9. The process according to claim 1, wherein the isolation of (S)-1-(2-amino-5-chlorophenyl)-1-trifluoromethyl-3-cyclopropyl-2-propyn-1-ol in step (c) comprises quenching the reaction mass containing (S)-1-(2-amino-5-chlorophenyl)-1-trifluoromethyl-3-cyclopropyl-2-propyn-1-ol with aqueous citric acid solution, extracting with a solvent, followed by distillation and/or precipitation in presence of a solvent to obtain the (S)-1-(2-amino-5-chlorophenyl)-1-trifluoromethyl-3-cyclopropyl-2-propyn-1-ol.

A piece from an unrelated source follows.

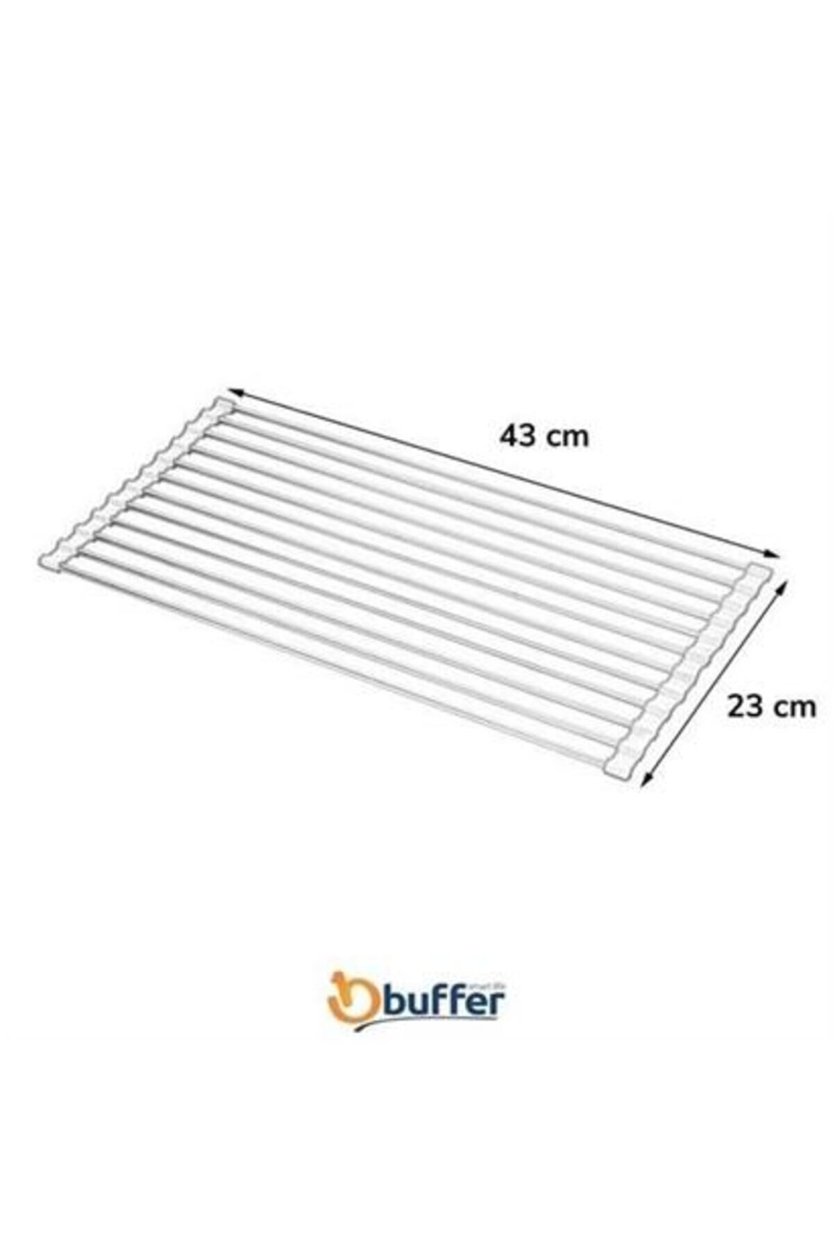 BUFFER® Evye Üstü Katlanır Nihale Paslanmaz Çelik Pratik Sebze Meyve Bulaşık Kurutma Süzgeci Evye üstü katlanır nihaleyi sebze, meyvelerinizi süzmek veya bulaşıklarınızı kurutmak için çok amaçlı kullanabilirsiniz; Drenaj süzgeci su damlalarının doğrudan lavaboya akmasını sağlar; Şık ve modern tasarımlı kurutma süzgecinin tutucu kenarları plastik, telleri ise paslanmaz çeliktir; Sıcaklığa ve ıslaklığa dayanıklı yapısıyla uzun süre kullanmanıza olanak tanır; Portatif kullanımlı süzgeç kullanılmadığında katlanarak yer tasarrufu sağlar; Farklı boyut seçeneklerinden lavabonuza en uygun olanını alarak güvenle kullanabilirsiniz; Paket İçeriği:; 1 x BUFFER® Evye Üstü Katlanır Nihale Paslanmaz Çelik Pratik Sebze Meyve Bulaşık Kurutma Süzgeci;

10. The process according to claim 9, wherein the solvent used for extraction, distillation or precipitation is selected from the group consisting of toluene, hexane, heptanes and octane.
11. The process according to claim 1, wherein the purification is carried out using solvent selected from the group consisting of isopropanol, hexane, heptane, octane and a mixture thereof.
12. The processes according to claim 1, wherein the purification is carried out at reflux temperature.

13. The process according to claim 1, wherein the pure (S)-1-(2-amino-5-chlorophenyl)-1-trifluoromethyl-3-cyclopropyl-2-propyn-1-ol is characterized by having HPLC purity of about 99.9% and specific optical rotation of about -27.2°.